I have a data sheet containing information on ~500 people but multiple rows for each person (containing one prescription for each row, some people have 10 or more each) so entire datasheet has ~5000 rows. I need to work out which people had a specific combination of drugs. The datasheet is called "Prescribing" and the column containing the drug names is "drug_name". For example, I would like to find out who is prescribed "morphine" and "paracetamol" in combination. Do I create a new column for each drug in question (with 0/1 entry to indicate if they had a prescription for the drug in question or not) and then aggregate the file so one row per person, and if so how do I do this? Or is there a different way to do it in R? I am using Tidyverse.
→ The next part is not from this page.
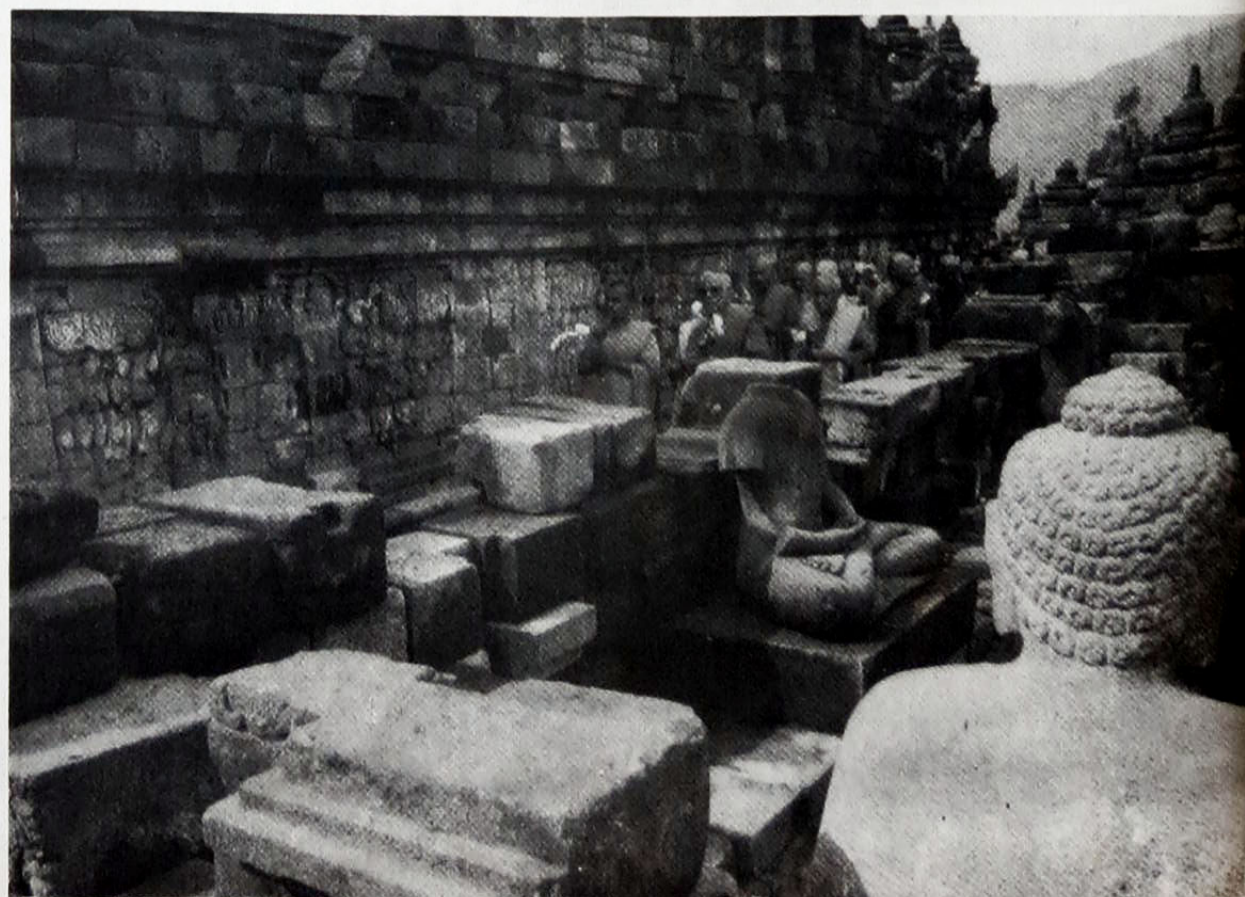
Celebração Budista no Templo Central, em Java, Indonésia

CAIO SALAMA DIVULGAÇÃO DOUtrinária NO ORIENTE:

Thank you for this. I have created a dummy dataset because my dataset is in a secure vpn. I had this saved as a csv file but can't upload this to the site I'm afraid - but essentially there are two columns that are important, one with the identifier (each number means one person with several entries each) and one with drug name. I need to work out which people, for example, have morphine and paracetamol in their list of rows of prescriptions. Sorry, I'm afraid that I can't seem to work out how to reprex this (as my R programme is on vpn so can't copy and paste anything).
library(tidyverse)
set.seed(42)
example_df <- tibble(
id = sample.int(1000,1000,replace=TRUE),
drug = paste0(sample(letters,size = 1000,replace=TRUE),sample.int(2,1000,replace=TRUE))
)
# look at common drugs...
table(example_df$drug) %>% sort(decreasing = TRUE) %>% head
#composing the function we want to use
find_ids_with_2_drugs <- function(df,drug_1,drug_2){
df_1 <- filter(df,
drug==drug_1)
df_2 <- filter(df,
drug==drug_2)
inner_join(df_1,
df_2,
by="id")
}
#using it
find_ids_with_2_drugs(example_df,"j1","s1")
# result gives 138 as ameeting the condition
#verify 138
filter(example_df,
id==138)